More research, rules needed on plant growth regulators

Plant growth regulators could be an important tool for high input cereal growers, but officials are urging farmers to move slowly. 

Interest in PGRs has been high since Engage Agro’s Manipulator, which has the active ingredient chlormequat, was approved for use in Canada last year in spring and winter wheat crops. 

The product is intended to produce a crop with shorter, thicker stems to fight lodging and protect yields and is approved in most wheat growing countries.

However, Manipulator doesn’t have a maximum residue limit in the United States, which means wheat crops on which it is applied won’t be allowed to enter that country. 

Cereals Canada has warned that “it is unlikely that these approvals will be in place before the 2015-16 crop is exported.”  

Until the issue is cleared up, growers experimenting with the product are advised to first consult with grain buyers.

“I know there’s certainly concern out in the industry, as there should be,” Sheri Strydhorst, an agronomy research scientist with Alberta Agriculture said in a telephone interview. She said she fielded multiple requests this winter to talk to producers about PGRs. 

At an agronomy workshop in Watrous, Sask., last week, farmer Ed Thibault said he was eager to “play” with PGRs, but that the U.S. access issue was a “deal breaker.”

However, he does see potential for the product on his 3,000 acre farm in the Rural Municipality of Invergordon. 

“We’ve had some wetter years, at least where I farm, and moisture actually hasn’t been limiting, so that leads you to a situation where you could push yields higher by adding fertility, but it doesn’t help you to add fertility if the whole damn thing lays down and makes a mess,” he said. 

Strydhorst said PGRs are promising, but researchers have yet to determine what varieties perform best, how protein content is influenced and how PGRs are affected by climatic conditions.

For example, Manipulator’s label warns against using the product in crops under stress from water, drought or nutrient deficiency, which can lead to yield losses.

In Watrous last week, Jessica Pratchler of the Northeast Agriculture Research Foundation in Sask-atchewan, said further studies are needed to examine variety selection, seeding rates, fungicide applications, root development and water use efficiency and how they relate to PGRs.

“When I looked at the large scale data that the industry has put out, to me there is no magical variety that works best across every factor,” she said.

“When you look at red spring (wheat), it looks like the height reduction is the greatest in tall varieties, whereas in durum the shorter varieties are shortening more. Planting a lodging resistant cultivar doesn’t appear to provide any additional benefit. That just goes to show that environment is playing a much larger factor than variety selection.”

Strydhorst said PGRs aren’t for every grower and should be used only in situations where lodging is a problem. They shouldn’t be used in dry regions that are seeing lower yields but hold potential for irrigated growers and those pushing yields to 100 bushels and beyond. 

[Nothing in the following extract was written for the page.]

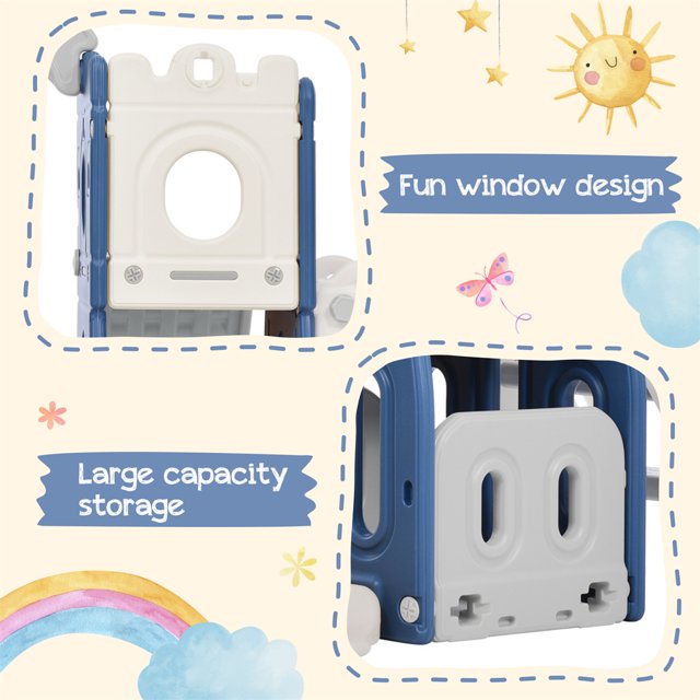 5 in 1 Toddler Slide and Swing Set, Kids Playground Climber Slide Playset with Basketball Hoop Freestanding Combination, Indoor & Outdoor Toys for Babies Kids, Blue

“We don’t have widespread lodging, but if you’re in a situation where you have high nitrogen, high moisture, I think this is going to be an excellent risk management tool,” she said. 

PGRs have been used in Europe for decades in horticulture and cereal production. 

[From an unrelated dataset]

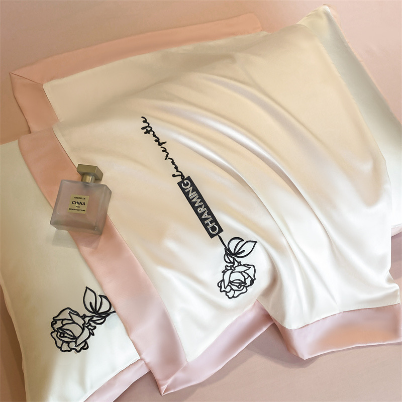 Giới thiệu bộ chăn ga chần hè phi lụa – thêu Charming With Love (Set 4PCS)

Pratchler said researchers looked at PGRs in the 1980s, but low cereal prices discouraged use.

“It kind of fell to the wayside, but as you know, you’re trying to get more and more of the yield out of your crops, so you’re willing to apply more and more, so PGRs have come back onto the playing field,” she said. 

Etherel from Bayer CropScience had been suggested for use in Western Canada but is no longer recommended because of a short application window, after which growers could damage their crops. 

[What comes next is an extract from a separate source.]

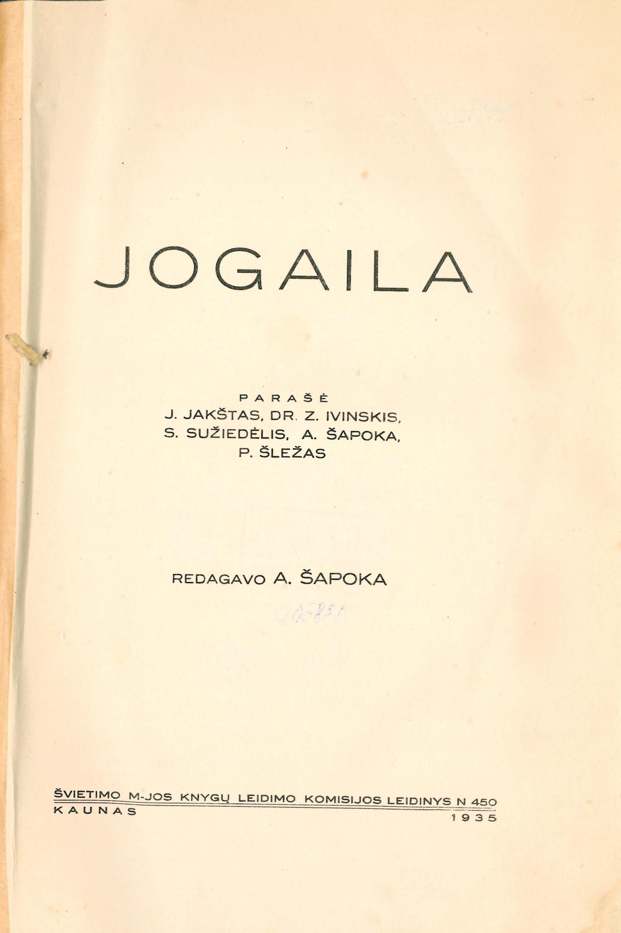 Antraštė Jogaila / redagavo A. Šapoka. – Kaunas: Švietimo ministerijos Knygų leidimo komisija, 1935. – 333 p. (Švietimo ministerijos Knygų leidimo komisijos leidinys, nr. 450). [lt]

Pratchler said Manipulator has a larger window for applications, making it “more flexible.” She said growers could make applications from the two to three leaf stage — “typical herbicide timing” — up to the early flag leaf stage. 

The best results have been found at growth stage 31 when applied at .73 litres per acre. 

“That means an extra field pass because that falls directly in between your common herbicide and fungicide timings,” said Pratchler. 

Strydhorst said timing remains important with Manipulator. 

“You really want to target growth stage 30 to 32, and that can be a two to three day window,” she said.

“Staging is not anything like herbicides.… You need to be pulling out plants, cutting the base of the plants and looking at how nodes are moving to get this staging right.”

Engage Agro’s large scale trial data found the greatest height reductions in CWRS varieties, which saw a 10 percent height reduction 83 percent of the time and a 10 percent yield gain 55 percent of the time. 

Pratchler said small plot trials conducted by NARF and the Indian Had Agricultural Research Farm have found positive results in Canada Western Red Spring and Canada Western Amber Durum crops. 

Pratchler offered an economic breakdown on Manipulator’s performance at a price of $13.84 per acre and assuming a $5 per bushel price for wheat. She said yields needed to increase 2.8 bu. per acre in CWRS for producers to break even, which is achievable. 

Producers are also likely to break even on durum crops, she said. 

“You’re more than likely going to at least cover your minimum line,” she told producers in Watrous.   

Producers interested in PGRs are advised to start small, using strip trials or experimenting on one quarter.